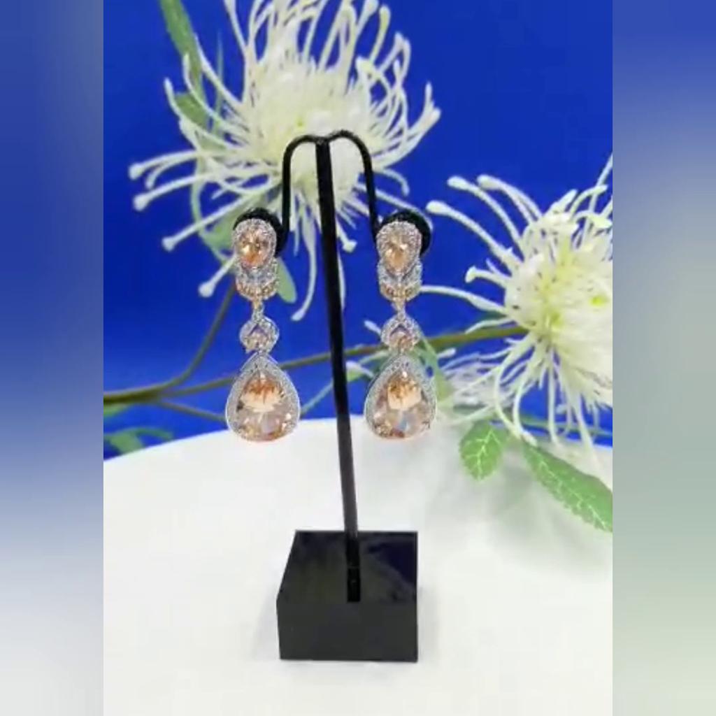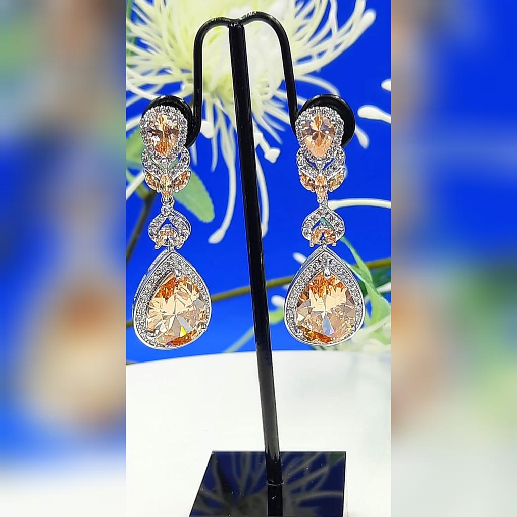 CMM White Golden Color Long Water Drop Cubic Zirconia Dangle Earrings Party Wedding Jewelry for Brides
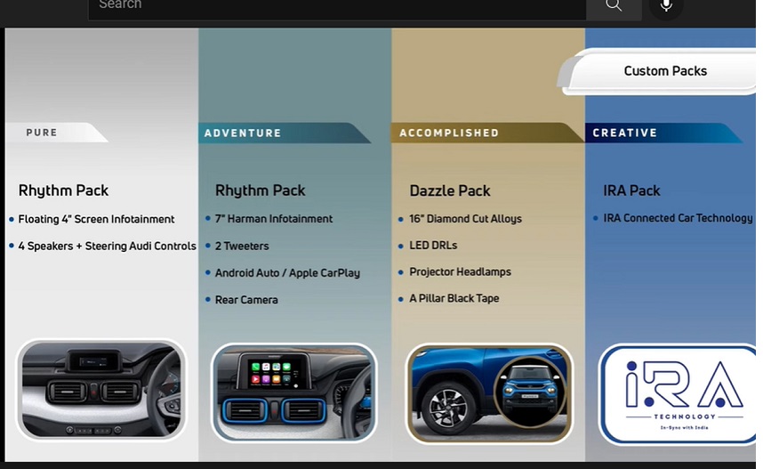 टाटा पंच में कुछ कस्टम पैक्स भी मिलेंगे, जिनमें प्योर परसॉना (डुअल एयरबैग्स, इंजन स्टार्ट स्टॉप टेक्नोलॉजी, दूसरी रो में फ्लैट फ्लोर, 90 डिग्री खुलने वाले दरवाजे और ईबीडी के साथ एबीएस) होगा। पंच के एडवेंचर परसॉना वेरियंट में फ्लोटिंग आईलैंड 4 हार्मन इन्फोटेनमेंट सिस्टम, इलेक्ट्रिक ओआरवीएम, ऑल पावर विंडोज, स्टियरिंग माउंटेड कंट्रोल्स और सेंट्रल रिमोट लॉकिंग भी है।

□ □ □

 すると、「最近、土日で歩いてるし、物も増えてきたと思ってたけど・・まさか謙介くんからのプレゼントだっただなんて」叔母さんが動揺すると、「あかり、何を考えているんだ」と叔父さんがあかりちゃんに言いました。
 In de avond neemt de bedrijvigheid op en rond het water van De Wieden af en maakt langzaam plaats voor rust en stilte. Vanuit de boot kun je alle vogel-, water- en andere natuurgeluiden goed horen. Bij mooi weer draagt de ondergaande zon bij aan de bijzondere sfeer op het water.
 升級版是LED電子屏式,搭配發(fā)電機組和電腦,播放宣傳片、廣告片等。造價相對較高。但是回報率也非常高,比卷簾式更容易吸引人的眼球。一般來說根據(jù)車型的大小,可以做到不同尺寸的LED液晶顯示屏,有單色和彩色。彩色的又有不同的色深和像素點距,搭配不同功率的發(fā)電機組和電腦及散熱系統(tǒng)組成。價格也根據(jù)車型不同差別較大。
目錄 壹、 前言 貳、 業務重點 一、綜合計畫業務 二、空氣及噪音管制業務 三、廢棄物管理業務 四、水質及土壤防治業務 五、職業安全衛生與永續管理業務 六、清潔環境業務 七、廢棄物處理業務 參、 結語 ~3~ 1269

□ □ □

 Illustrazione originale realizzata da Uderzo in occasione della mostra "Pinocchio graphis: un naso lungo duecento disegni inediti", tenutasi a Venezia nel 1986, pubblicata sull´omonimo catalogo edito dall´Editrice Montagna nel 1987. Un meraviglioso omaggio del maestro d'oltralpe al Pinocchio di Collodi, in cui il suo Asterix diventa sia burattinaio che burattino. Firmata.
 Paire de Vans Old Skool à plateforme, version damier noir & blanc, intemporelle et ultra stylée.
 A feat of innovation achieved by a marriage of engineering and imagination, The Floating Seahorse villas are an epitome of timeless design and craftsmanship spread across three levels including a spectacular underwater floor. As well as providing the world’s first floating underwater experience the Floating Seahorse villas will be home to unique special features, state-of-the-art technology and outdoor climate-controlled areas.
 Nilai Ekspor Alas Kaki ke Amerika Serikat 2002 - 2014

□ □ □

About this task
Write out word for word the lines of the listing above from the line with "CMM White Golden" to the line with "टाटा पंच में", taking in both of those lines but no pictures.

Your solution
 CMM White Golden Color Long Water Drop Cubic Zirconia Dangle Earrings Party Wedding Jewelry for Brides
 टाटा पंच में कुछ कस्टम पैक्स भी मिलेंगे, जिनमें प्योर परसॉना (डुअल एयरबैग्स, इंजन स्टार्ट स्टॉप टेक्नोलॉजी, दूसरी रो में फ्लैट फ्लोर, 90 डिग्री खुलने वाले दरवाजे और ईबीडी के साथ एबीएस) होगा। पंच के एडवेंचर परसॉना वेरियंट में फ्लोटिंग आईलैंड 4 हार्मन इन्फोटेनमेंट सिस्टम, इलेक्ट्रिक ओआरवीएम, ऑल पावर विंडोज, स्टियरिंग माउंटेड कंट्रोल्स और सेंट्रल रिमोट लॉकिंग भी है।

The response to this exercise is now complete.